January 4, 2013 by Doug Coutts
Just the other day, the bustling seaside town of Opunake (you know the place, South Taranaki coast, one pub, five people, lots of empty shops) was hit by a couple of large earthquakes. At 5 and less on the scale, they weren’t alarmingly huge – unless you live in Ireland where the largest ever registered a paltry 2.3 – but still big enough to make the headlines.
The best quote – well, the only quote since Opunakians are notoriously taciturn – went along the lines “We didn’t know what it was at first – we though a truck might have crashed into the house”. And that would have been awful as most trucks on Taranaki roads – indeed, most vehicles – are milk tankers, and dairy products weigh a lot, both before and after consumption.
Luckily, as inspection of the house soon showed, it wasn’t a truck but a slight shift in the earth’s crust some 20 kilometres down and a bit off to the left. Phew.
Earlier in the year, in another part of the country a sleeping couple was awoken by a loud bang. “At first we thought it was an earthquake,” one of them told the media throng. “But it looks like a truck has come through the spare bedroom and into the lounge.” And indeed it was – laden with logs and driven by someone who momentarily forgot the cause-and-effect link between steering wheel and bends in the road.
This sort of thing happens quite often. New Zealanders seem unable to tell the difference between a eighteen-wheeler attempting a hand-brake turn in the sun-porch and tectonic plates bumping and grinding in the basement. Not until they’re presented with concrete evidence, usually resting against their bedside table.
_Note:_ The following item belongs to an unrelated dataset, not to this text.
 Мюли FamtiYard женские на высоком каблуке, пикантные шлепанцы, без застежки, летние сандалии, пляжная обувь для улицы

It’s a bigger problem than you might at first think. For example the heavily-promoted earthquake drill of drop, cover, hold doesn’t work as well in the case of attack by diesel when run, sprint, dash would seem to be a better option.
And, worse, your friendly insurance giant is less likely to pay out if you appear confused as to the cause of the total destruction of your house. “Yes, I know there are tyre marks all over the credenza, but you did say you thought it was an earthquake. And that spells loophole.”
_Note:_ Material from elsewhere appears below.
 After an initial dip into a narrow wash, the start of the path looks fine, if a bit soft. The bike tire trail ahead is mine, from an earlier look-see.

There is no quick fix. Your best options are to say nothing – to the media or State Insurance – until you are sure of the facts, and sleep in the centre of the house in a brick lined bunker, with all the ornaments down low. And move to Ireland, where the lorries are small, the earthquakes even smaller, and where confusion is legally sanctioned. At least until quakes are measured on the Kenworth scale.
And still it goes on: http://www.nzherald.co.nz/nz/news/article.cfm?c_id=1&objectid=10857695
“Eleanor Gardiner said about 10 people were in the pub when it was hit. She was playing pool with her daughter from Wellington who thought it was an earthquake.”